Одинокие снежинки медленно падали на пушистый снежный ковер.

Он уехал вчера поздно вечером, даже не простившись.

Что случилось? Почему ей стало так неуютно и одиноко в этом огромном доме?

Многое для нее было неясно. Во многом она безнадежно запутывалась. Все они – и Эдвард, и Потоцкий, отец Иероним – говорят о борьбе за независимую Польшу, но вместо героизма, благородства, самоотверженности – предательства, порка, виселицы. Это политика. А ее личная жизнь? Она здесь чужая.

Правда, и раньше она в этом доме не была родной. Ее любил и согревал лишь он один.

Разве был ей близким когда-либо этот отвратительный старик, беззубый развратник, о низости которого она не имела представления, пока история с Франциской не открыла ей глаза?

Этот Владек?

Или Стефания…

Но Эдди, ее Эдди?!

«Неужели, – думала Людвига, – я не люблю его?» И кто виноват в этом? Он сам или, может быть, она? Ведь вот, оказывается, она не знала своего мужа! А когда-то он ей казался героем, рыцарем без страха и упрека. Разве могла она когда-либо подумать, что он способен на такую низость? Она вздрогнула, вспомнив виселицы около управы… Это он, Эдвард, приказал повесить предательски захваченных людей, поверивших его честному слову. Кто толкнул его на это? Врона? Она боится этого человека.

Людвига отошла от окна.

Высокие дубовые шкафы, заполненные книгами, стояли вдоль стен. Сюда, в библиотеку, она забиралась часто на целые часы и уносилась в сказочный мир приключений, фантастики и романтики.

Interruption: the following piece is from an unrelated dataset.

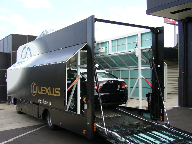 本当にこんな感じで積車からおろされているのでした、当社の車はGS350の黒です。

Сейчас ее влекло сюда желание забыться.

Она подошла к открытому шкафу и безразличным взглядом скользнула по золотым корешкам книг. «Письма о прошлом», – прочла она. Мысль опять вернулась к Эдварду…

Она вспомнила о найденном на днях в одном из томов старом, забытом письме. В нем покойная графиня, мать Эдварда, писала своему домашнему врачу о «юношеских шалостях» своего старшего сына, которые ее очень беспокоят. Ведь мальчик может заразиться дурной болезнью. Старая графиня просила уважаемого пана доктора освидетельствовать горничную Веру, которой будет поручено «постоянное наблюдение» за комнатами молодого графа…

Стыд и уязвленная гордость, ревность и негодование – все вспыхнуло вновь, и Людвига зарыдала. Но слезы быстро прошли. Плакать об этом теперь, когда все рушится, после того, как он только презрительно усмехнулся, прочтя это письмо!

Нужно уехать к маме. И там, вдали от него, подумать обо всем и тогда решить…


Во дворе раздался выстрел. Людвига подбежала к окну и застыла. По двору метался на коне всадник в бараньем полушубке. Он держал в одной руке короткий карабин, из которого, видимо, только что выстрелил. По аллее, к усадьбе неслось еще несколько всадников. Из парка прямо к подъезду подлетели двое и, спрыгнув с лошадей, побежали к палацу.

В несколько минут двор наполнился вооруженными конниками. Ими предводительствовал бородатый великан. По взмаху его руки они рассыпались в разные стороны, окружая усадьбу. До Людвиги донесся его голос. Уже в доме еще дважды грохнуло.